Never change, Kam, I thought to myself.

As Theodoros stopped his father to talk to him about something while the rest of the inner circle proceeded up to the stage, Bardiya wandered over to our group. He seemed in good spirits unlike the rest of the class, though he always had been a morning person. ...not that he seemed to have trouble staying up late, either. Maybe he just didn't sleep much at all.

"Utsu, Ran, Kamrusepa," he said, with a series of nods.

"Bardiya," Kamrusepa replied. "How goes it?"

"Well enough, considering," he replied. He leaned his head in the direction of our other friends. "Ptolema and Seth have started a betting pool as to how many times the headmaster is going to apologize for something to the council."

"What's the count up to?" Ran asked, not looking up from her book.

"Eleven," Bardiya answered. "But we are almost out of rooms."

She snorted to herself.

"And you all?" he asked.

"Could altogether be worse," Kam said. "Su has been complaining rather a lot about the fact we don't seem to have anything to actually do through this whole rigmarole, but you know her. She complains about everything."
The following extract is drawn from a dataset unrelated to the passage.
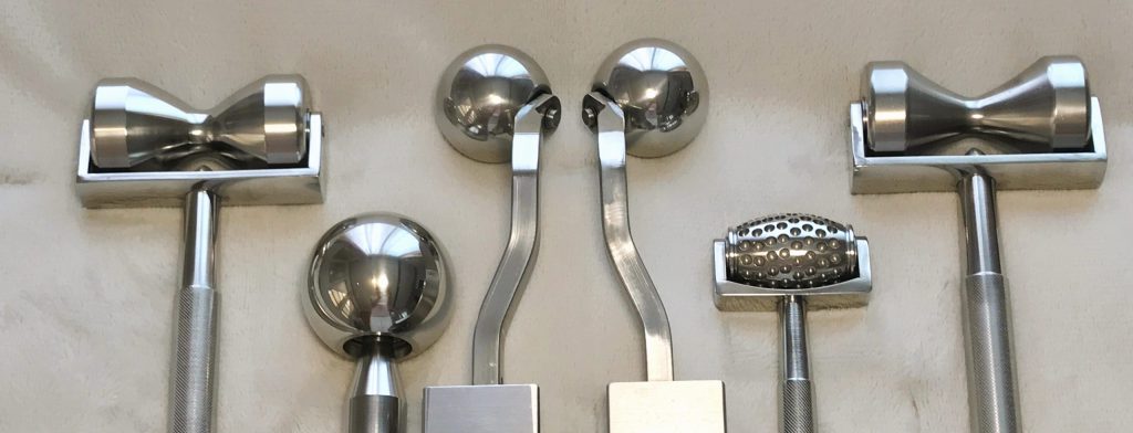 <療具例> 筋群や関節、脊柱など、処置部位や症状に合わせて各種転子を使用します。また、安全に処置するための専用の処置台も備えております。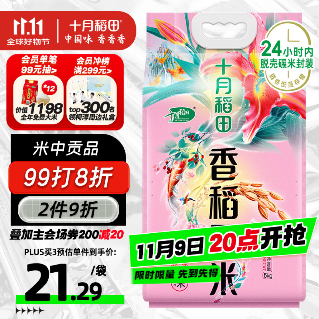 用111-11 十月稻田 香稻贡米 东北大米5kg 拍3件,每件16.86

"That's a little rich, coming from you," I said flatly.

"I only take objection regarding important things," she replied. "You've spent half the morning moaning like a child about how cold it is."

"It is cold," I retorted. I shivered again at the reminder, clutching my arms together.

"I do have to agree with Su to an extent," Bardiya said, nodding. "Not about the cold, I mean-- Rather, the sheer size of our party does make this all feel somewhat redundant. We've certainly been getting our share of strange looks, just by virtue of the sheer number of us standing around." He glanced around the room. "Though it is curious that Professor Nindar has not joined us today, since he normally would for this manner of event."

"Going to a wedding, apparently," Ran told him.

I'd heard this story already, though I had to wonder if it was actually just an excuse. Since he had his past connection - or, well, fixation - on the Order, maybe he was avoiding them for some reason.

"Is that right?" Bardiya nodded. "Well, congratulations to the happy couple, whoever they may be. For my part, at least, I've been using this as a chance to finish up an essay." He tapped his logic engine.

"Wish I was that good at multi-tasking," I mumbled.

"You know, Bardiya, would you mind if I asked you something?" Kamrusepa inquired.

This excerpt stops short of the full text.